Improving the initial diagnosis and the assessment of response to treatment in malignant gliomas, while avoiding invasive methods as much as justifiable, is one major aspect actual research is focusing on. Imaging studies are used to calculate tumor volume and define vital, necrotic and cystic areas within a tumor. Though the visual interpretation of magnetic resonance (MR) images is based on qualitative observation of variation in signal intensity, a correlation of signal intensities with histological features of a tumor is not possible. Better methods are needed for a reliable interpretation of follow-up studies in single patients. Histograms of signal intensities might serve as a method adding quantitative data to the description of a tumor. Using DoctorEye software, tumors can be easily rendered and histograms of the signal intensities within a tumor as well as mean and median signal intensities are possible to calculate. Our results in glioblastoma suggest that these histograms are an innovative method of gaining new tumor-specific information without performing additional investigations in a patient. It can be an additional diagnostic tool in differentiating various intracranial lesions from each other, as well as in assessing response to treatment or progression of malignant glioma.

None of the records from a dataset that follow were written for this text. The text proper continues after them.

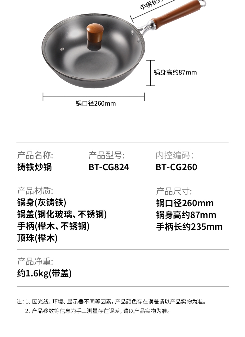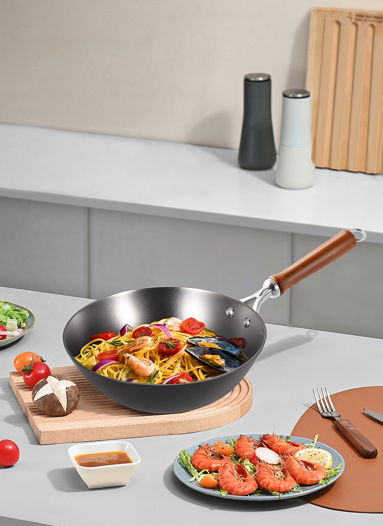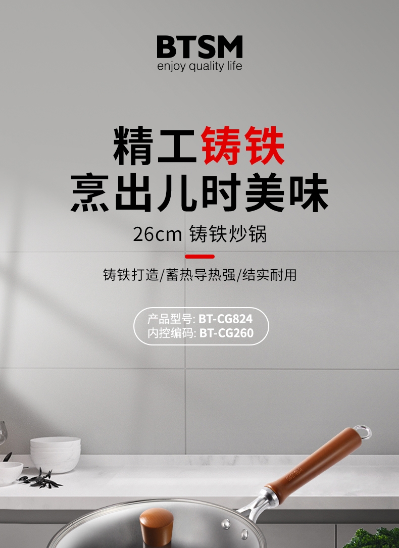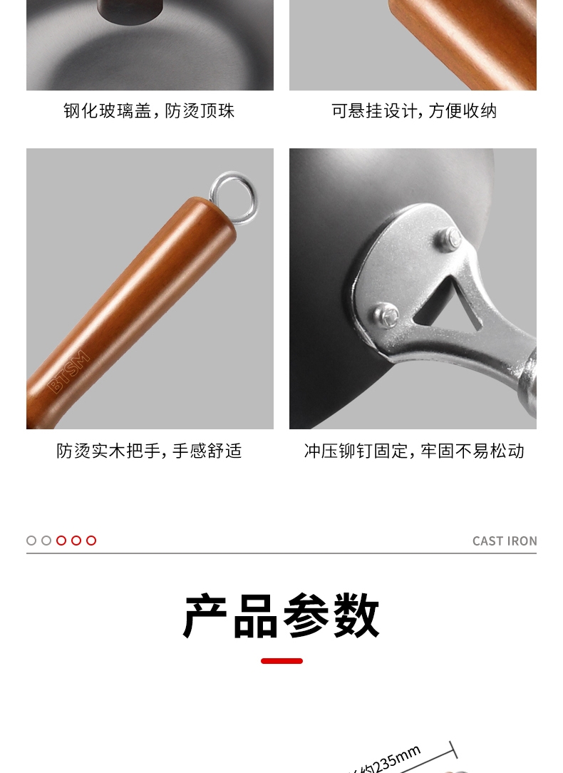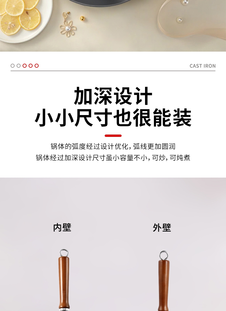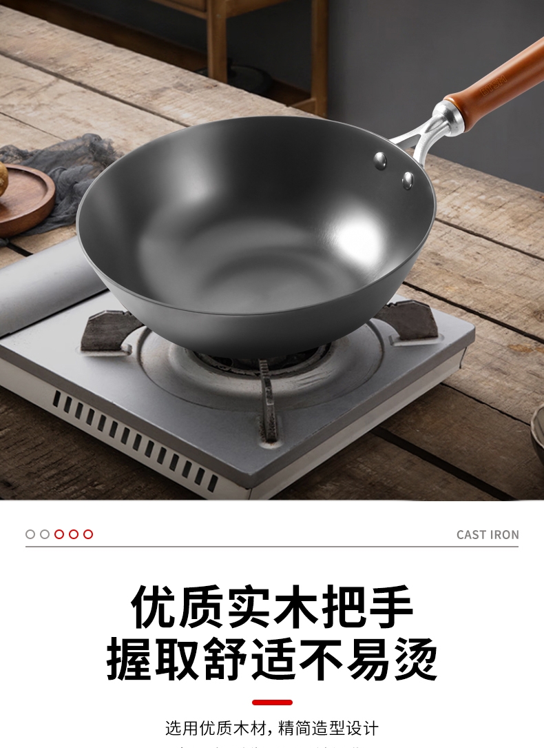 储热能力强:铸铁密度高,加热后能长时间保持高温;抗磨损性强:窒化处理后的的铸铁材质, 表面坚硬光滑;无化学涂层:天然材质不含PFOA等有害物质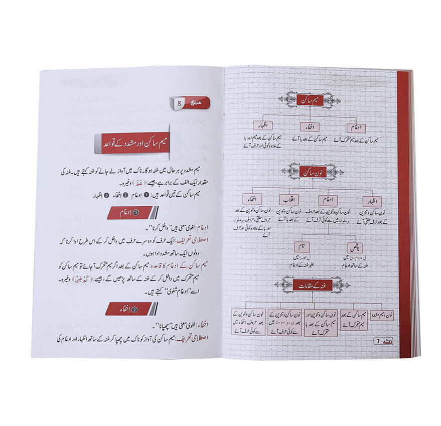 اس کتاب میں بہت آسان انداز میں تجویدی قواعد کو مثالوں کے ساتھ لکھا گیا ہے،قواعد کی پختگی کے لیے سبق کے بعد مشقوں کا اہتمام کیا گیا ہے۔ سبق کو اجمالی طور پر سمجھنے اور یاد کرنے کے لیے اہم اسباق سے پہلے ان کے نقشے دیے گئے ہیں۔ یہ اسلوب عوام و خواص دونوں کے لیے یکساں مفید ہے۔ اللہ تعالیٰ ہمیں صحیح تلاوات کرنے، صحیح سمجھنے اور اس کے مطابق زندگی گذارنے کی توفیق عطا فرمائے۔ آمین۔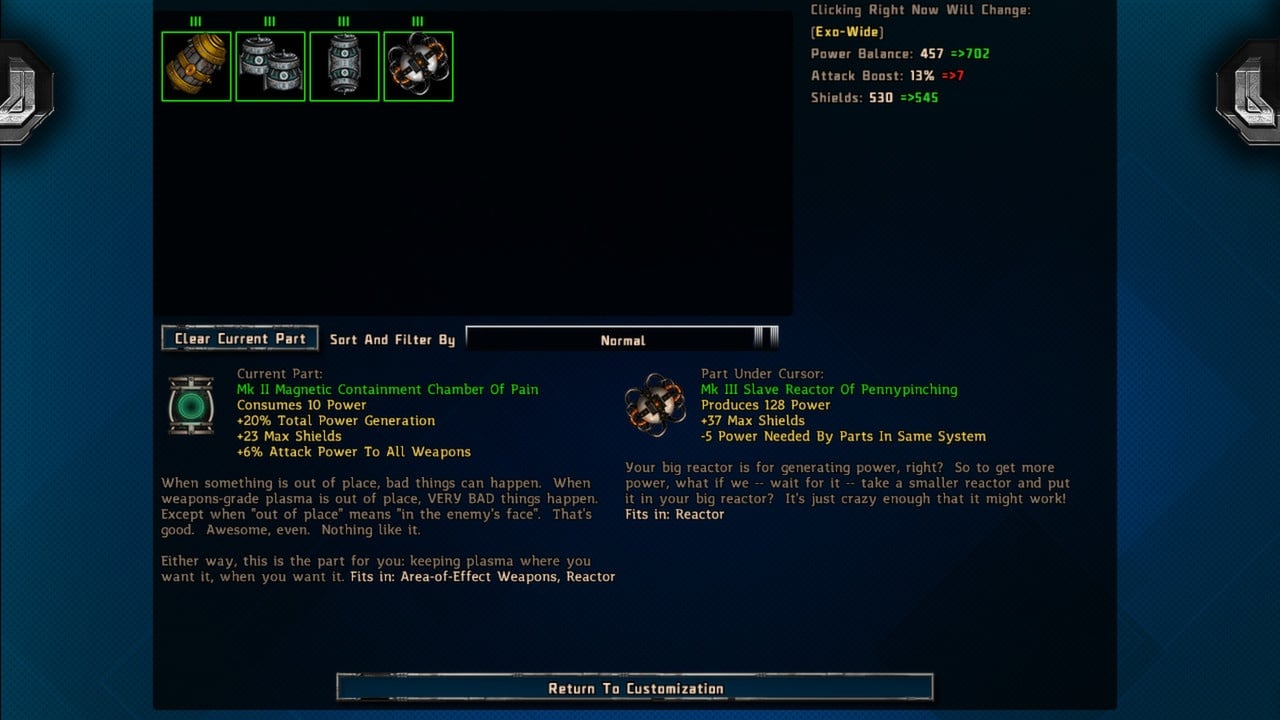 Из-за рандомной процедурной генерации локаций, врагов и ситуаций, геймер может пройти уникальный путь к финальному сражению. Количество уровней будет варьироваться в зависимости от случая. Одно прохождение потребует завершения 30 миссий, другое может растянуться на 120. Такая вариативность повышает интерес геймера к однопользовательской кампании и держит игрока в напряжении. Задания могут содержать до 23 целей, что рандомно располагаются в списке квестов при старте каждого этапа. Прокачка роботов выполнена с помощью выбора перков, которые влияют как на одного подопечного, так и на целый отряд. Также, важным является роль пилота, на которую нанимается один из шести предложенных вариантов.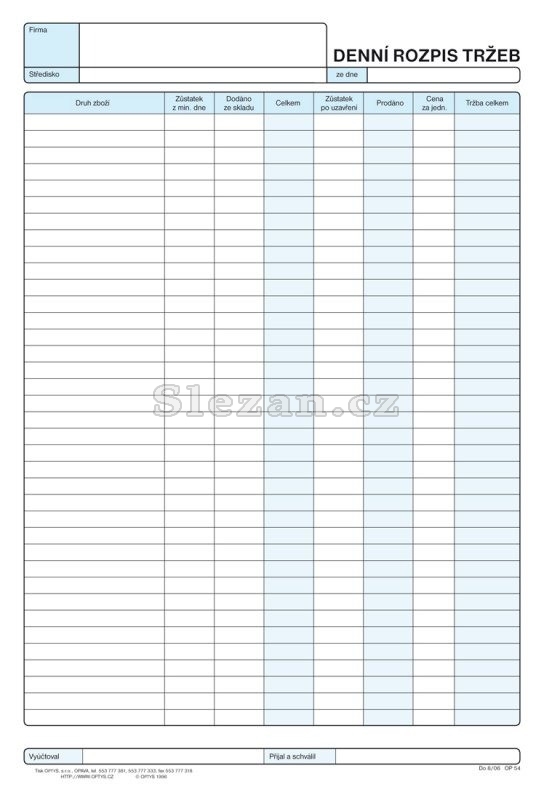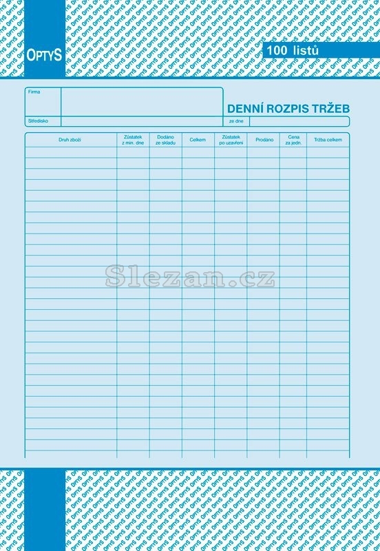 Denní rozpis tržby A4, 100 listů, Optys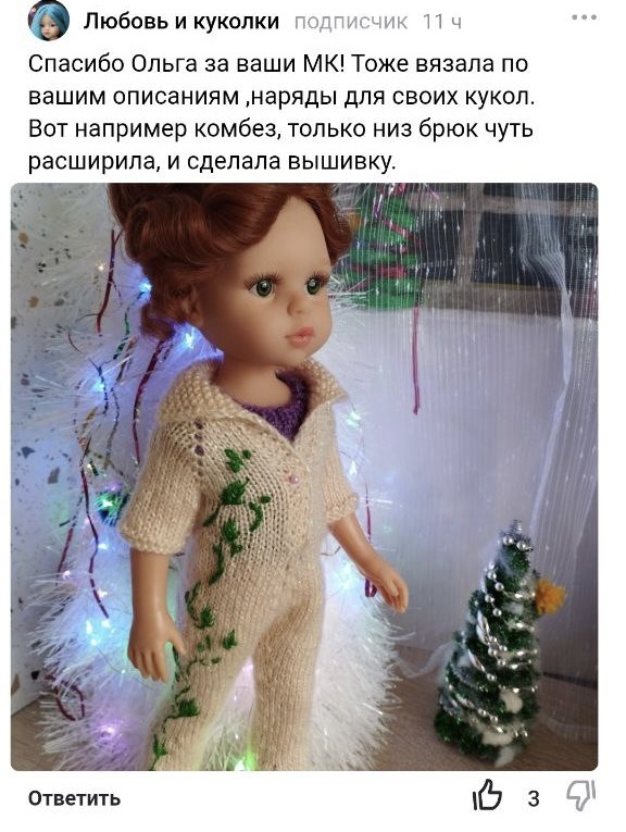 Комбинезон от Людмилы. Вы только прочитайте комментарий 😍 Людмила не только связала на стандартный молд куклы Паола Рейна, но и для маленькой куклы тоже. Украсила свои работы по летнему!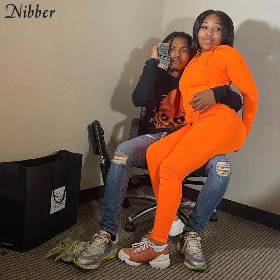 Nibber Sporty Casual Long Sleeve Hooded Zipper Solid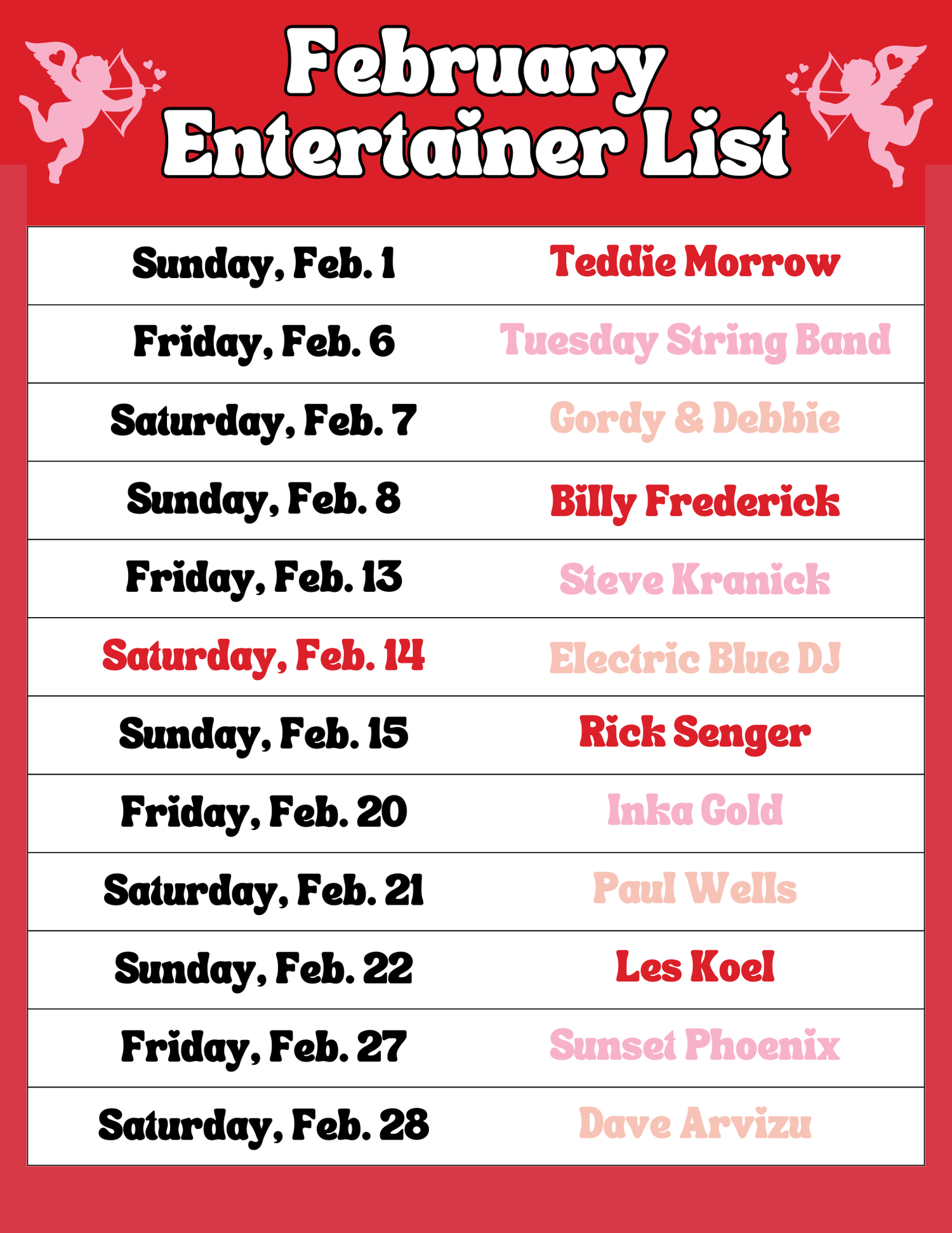 Bring your family and friends to enjoy our wonderful lineup of entertainers! You can find our entertainers performing at our Restaurant in B-Row!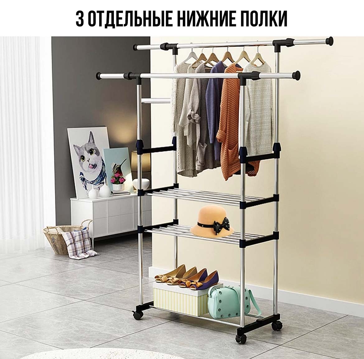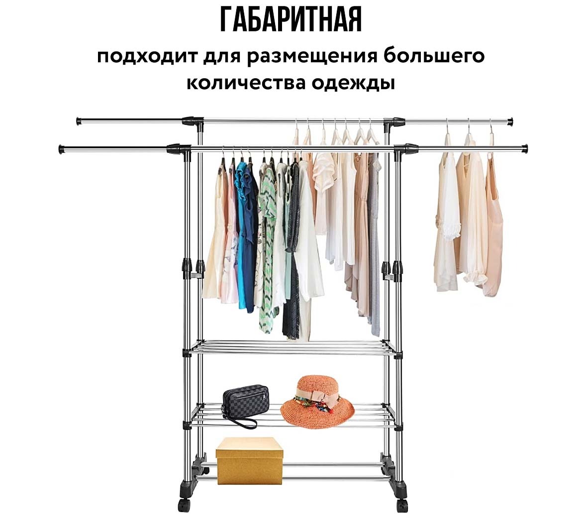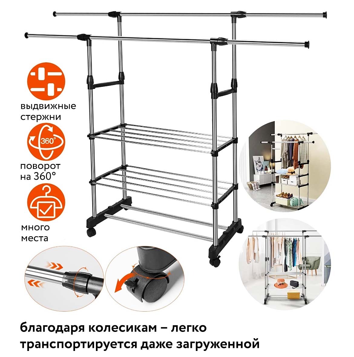 | Наименование товара | Двойная телескопическая вешалка для одежды с полками для обуви 80х36х160 см |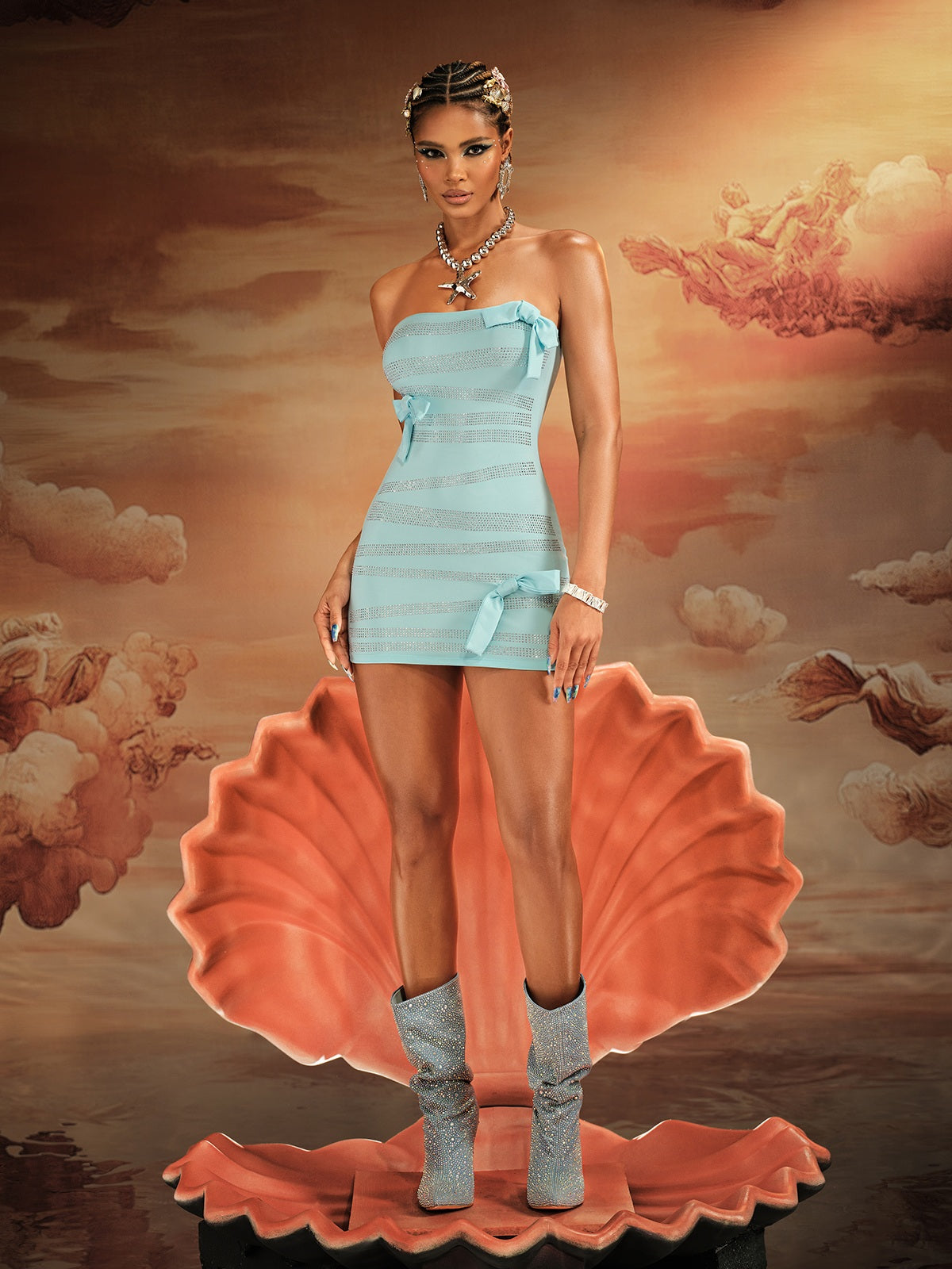 Jorunn Strapless Rhinestone Bow Mini Dress

使用DoctorEye对胶质母细胞瘤患者的常规MRI扫描进行创新的数学分析
改善恶性胶质瘤的初始诊断和治疗反应评估,同时尽可能避免侵入性方法,是实际研究关注的一个主要方面。影像学检查用于计算肿瘤体积,确定肿瘤内的重要、坏死和囊性区域。虽然磁共振(MR)图像的视觉解释是基于对信号强度变化的定性观察,但信号强度与肿瘤组织学特征的相关性是不可能的。需要更好的方法来可靠地解释单个患者的随访研究。信号强度的直方图可以作为一种增加定量数据的方法来描述肿瘤。使用DoctorEye软件,可以很容易地渲染肿瘤,并且可以计算肿瘤内信号强度的直方图以及平均和中位数信号强度。我们在胶质母细胞瘤中的结果表明,这些直方图是一种获得新的肿瘤特异性信息的创新方法,无需对患者进行额外的调查。它可以作为一种额外的诊断工具,用于区分各种颅内病变,以及评估对恶性胶质瘤的治疗反应或进展。
本文章由计算机程序翻译,如有差异,请以英文原文为准。